#### Exercise prompt:
The lines below, from the one containing "Mediante una infografía" through the one containing "路口遇到突然横穿的车辆,驾驶员来不及反应时,AEB 主动刹停避险。若发生事故后车速仍 >", should be set down exactly, with no pictures and nothing else.

#### Material to process:
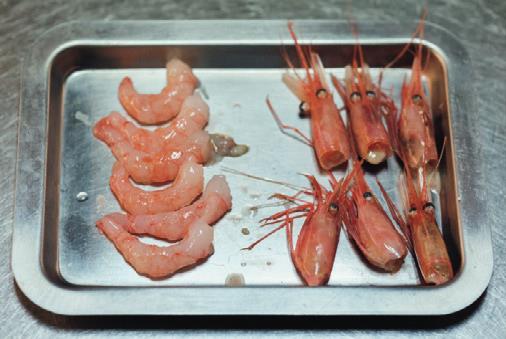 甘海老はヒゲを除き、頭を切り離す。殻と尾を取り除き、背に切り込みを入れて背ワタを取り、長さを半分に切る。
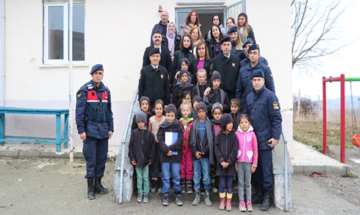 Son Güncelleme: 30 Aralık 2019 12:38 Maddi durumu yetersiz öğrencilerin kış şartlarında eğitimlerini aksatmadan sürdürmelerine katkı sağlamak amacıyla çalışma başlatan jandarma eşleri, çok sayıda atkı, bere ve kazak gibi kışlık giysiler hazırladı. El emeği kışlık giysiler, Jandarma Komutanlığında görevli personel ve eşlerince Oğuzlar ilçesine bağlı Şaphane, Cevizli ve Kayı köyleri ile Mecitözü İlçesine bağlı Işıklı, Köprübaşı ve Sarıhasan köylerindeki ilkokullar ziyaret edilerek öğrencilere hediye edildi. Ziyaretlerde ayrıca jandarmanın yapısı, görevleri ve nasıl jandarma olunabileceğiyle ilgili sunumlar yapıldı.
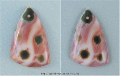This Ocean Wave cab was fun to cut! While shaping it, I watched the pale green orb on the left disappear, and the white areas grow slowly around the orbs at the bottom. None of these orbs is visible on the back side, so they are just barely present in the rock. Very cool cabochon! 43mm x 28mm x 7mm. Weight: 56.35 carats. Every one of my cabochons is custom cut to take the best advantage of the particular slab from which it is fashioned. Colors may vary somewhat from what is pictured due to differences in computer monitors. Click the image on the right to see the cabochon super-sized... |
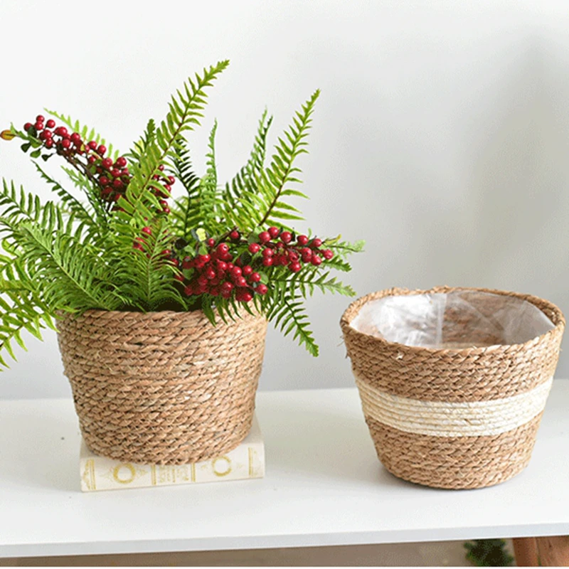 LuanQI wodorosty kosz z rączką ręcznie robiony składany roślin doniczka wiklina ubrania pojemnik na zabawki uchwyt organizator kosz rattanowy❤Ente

...

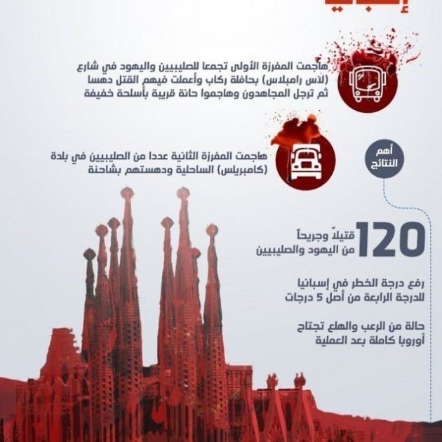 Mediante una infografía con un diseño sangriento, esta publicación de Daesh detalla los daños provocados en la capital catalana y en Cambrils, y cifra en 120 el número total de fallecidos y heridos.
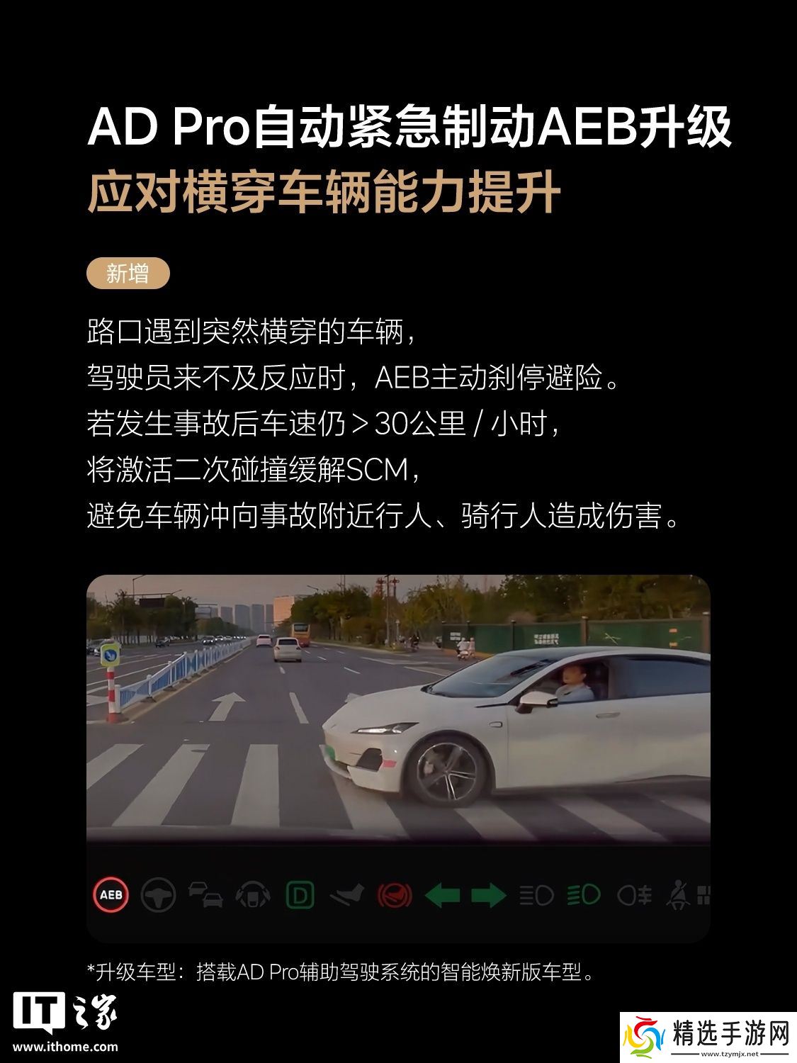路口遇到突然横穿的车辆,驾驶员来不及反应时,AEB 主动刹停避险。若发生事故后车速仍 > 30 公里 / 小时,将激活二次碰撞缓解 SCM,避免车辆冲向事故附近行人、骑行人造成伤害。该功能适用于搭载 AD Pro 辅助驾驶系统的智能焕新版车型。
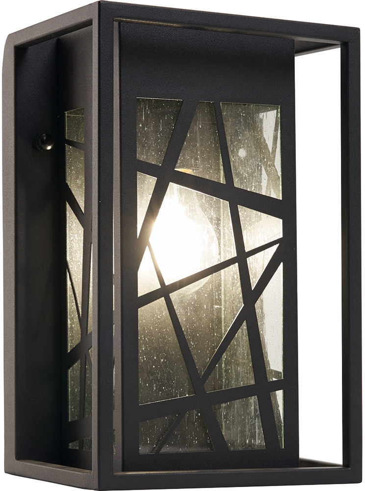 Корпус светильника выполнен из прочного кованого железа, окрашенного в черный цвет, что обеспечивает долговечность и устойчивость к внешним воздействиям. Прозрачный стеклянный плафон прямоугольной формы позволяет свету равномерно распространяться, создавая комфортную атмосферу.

#### Written reply:
 Mediante una infografía con un diseño sangriento, esta publicación de Daesh detalla los daños provocados en la capital catalana y en Cambrils, y cifra en 120 el número total de fallecidos y heridos.
路口遇到突然横穿的车辆,驾驶员来不及反应时,AEB 主动刹停避险。若发生事故后车速仍 > 30 公里 / 小时,将激活二次碰撞缓解 SCM,避免车辆冲向事故附近行人、骑行人造成伤害。该功能适用于搭载 AD Pro 辅助驾驶系统的智能焕新版车型。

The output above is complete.